What is being asked:
The expected response is the full listing, retyped exactly, without its images.

Supplied material:

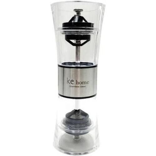 Moedor De Pimenta Moinho Em Cerâmica Ke Home Moedor duplo de pimenta e sal grosso em inox, vai deixar sua mesa sofisticada e elegante. Possui compartimento para sal e pimenta separados, incolor facilita a visualização do tempero. Melhor dispersão do sal e da pimenta ao temperar os alimentos. Moedor em cerâmica que possui alta resistência e é livre de corrosões, impedindo que o sal estrague o moedor. Pode ser usado com qualquer tipo de tempero refinado. (pimenta, sal grosso, açúcar e etc). Em um mesmo produto você tem o moedor de sal e de pimenta, com dois compartimentos separados. Medidas aproximadas do produto - Comprimento: 20 cm - Altura: 7 cm - Largura: 8 cm - Peso: 280 g
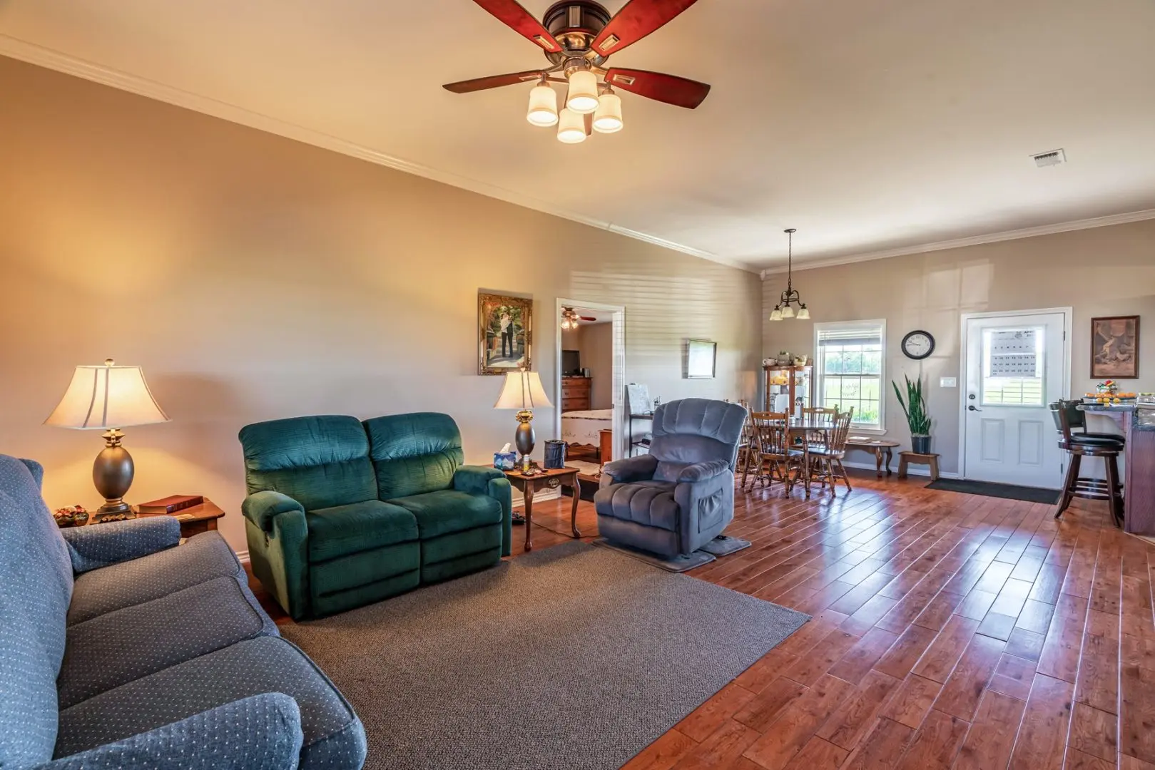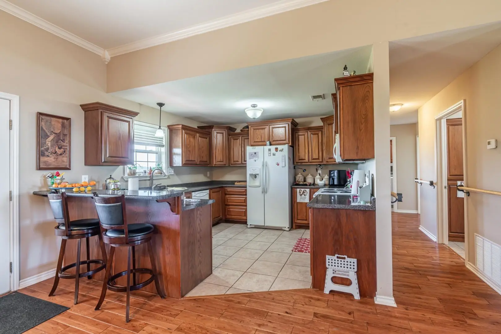 Updated 1,680+ sq. ft. ranch style home sits at the east end of the ranch. Private entry and gravel driveway. This brick home offers 3 bedrooms with 2 full baths.
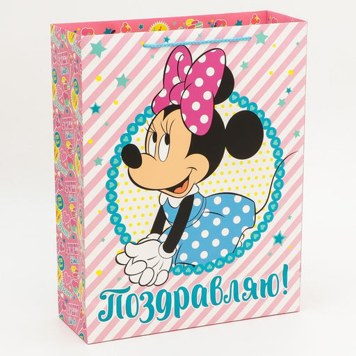 Пакет подарочный, 31 х 40 х 11,5 см "Поздравляю!", Минни Маус
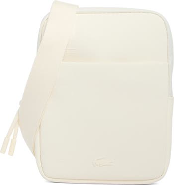 Carry your essentials in this logo-stamped crossbody bag framed by exterior pockets, an adjustable webbed strap and a secure top-zip closure.
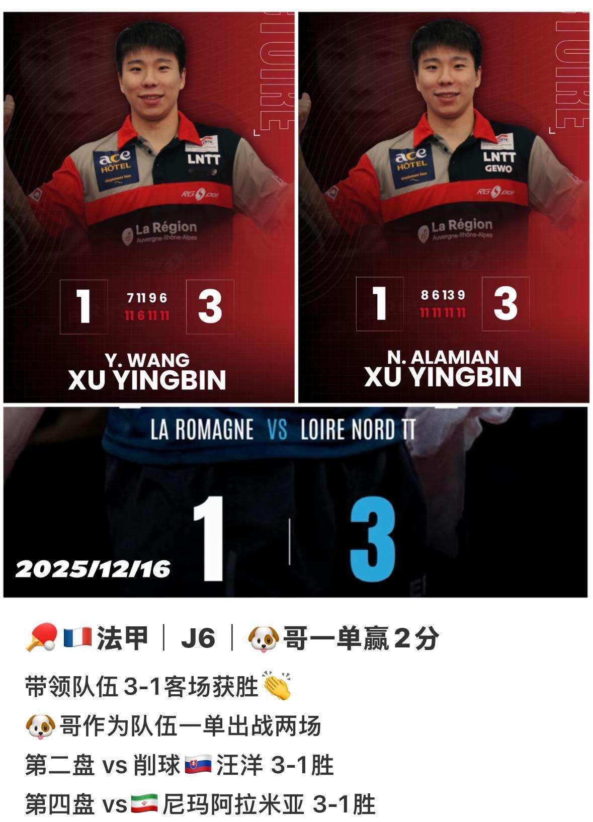 徐瑛彬法甲首胜——带领队伍3:1客场获胜 新科世界冠军果然大补, 徐瑛彬打法甲一单二分, 带领队伍客场挑战获胜! 徐瑛彬上次打法甲成绩也不错, 还赢了小布, 陈垣宇,温瑞博,周启豪在同一个俱乐部打法甲, 两天前,陈垣宇打一次主场 赢了就走了,温瑞博这几天 正在打,而且还赢了阿鲁纳…… 国内新生力量都出去打法甲了, 非常正常, 法乒小将出现在国际赛场上都非常 年轻,未来一定会是国乒的劲敌, 国乒小将多出去锻炼一下也好!
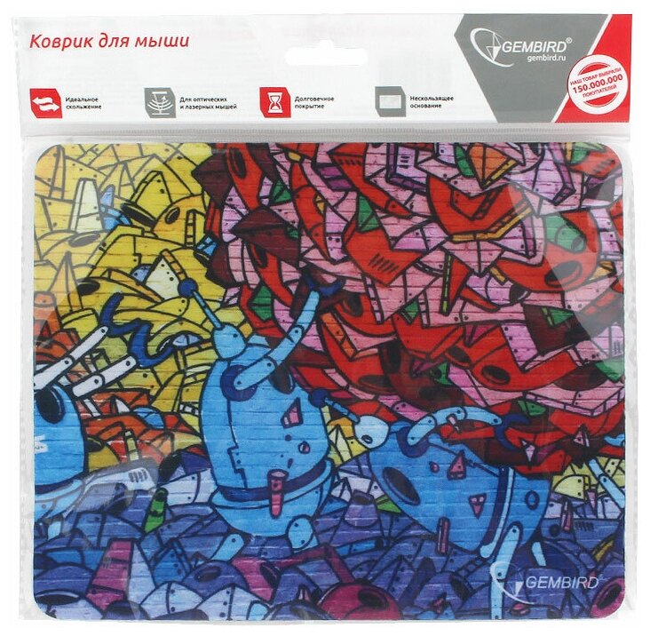 Коврик для мыши Gembird MP-ROBO, рисунок "роботы", размеры 220*180*1 мм, полиэстер+резина

Task solution:
 Moedor De Pimenta Moinho Em Cerâmica Ke Home Moedor duplo de pimenta e sal grosso em inox, vai deixar sua mesa sofisticada e elegante. Possui compartimento para sal e pimenta separados, incolor facilita a visualização do tempero. Melhor dispersão do sal e da pimenta ao temperar os alimentos. Moedor em cerâmica que possui alta resistência e é livre de corrosões, impedindo que o sal estrague o moedor. Pode ser usado com qualquer tipo de tempero refinado. (pimenta, sal grosso, açúcar e etc). Em um mesmo produto você tem o moedor de sal e de pimenta, com dois compartimentos separados. Medidas aproximadas do produto - Comprimento: 20 cm - Altura: 7 cm - Largura: 8 cm - Peso: 280 g
 Updated 1,680+ sq. ft. ranch style home sits at the east end of the ranch. Private entry and gravel driveway. This brick home offers 3 bedrooms with 2 full baths.
 Пакет подарочный, 31 х 40 х 11,5 см "Поздравляю!", Минни Маус
 Carry your essentials in this logo-stamped crossbody bag framed by exterior pockets, an adjustable webbed strap and a secure top-zip closure.
 徐瑛彬法甲首胜——带领队伍3:1客场获胜 新科世界冠军果然大补, 徐瑛彬打法甲一单二分, 带领队伍客场挑战获胜! 徐瑛彬上次打法甲成绩也不错, 还赢了小布, 陈垣宇,温瑞博,周启豪在同一个俱乐部打法甲, 两天前,陈垣宇打一次主场 赢了就走了,温瑞博这几天 正在打,而且还赢了阿鲁纳…… 国内新生力量都出去打法甲了, 非常正常, 法乒小将出现在国际赛场上都非常 年轻,未来一定会是国乒的劲敌, 国乒小将多出去锻炼一下也好!
 Коврик для мыши Gembird MP-ROBO, рисунок "роботы", размеры 220*180*1 мм, полиэстер+резина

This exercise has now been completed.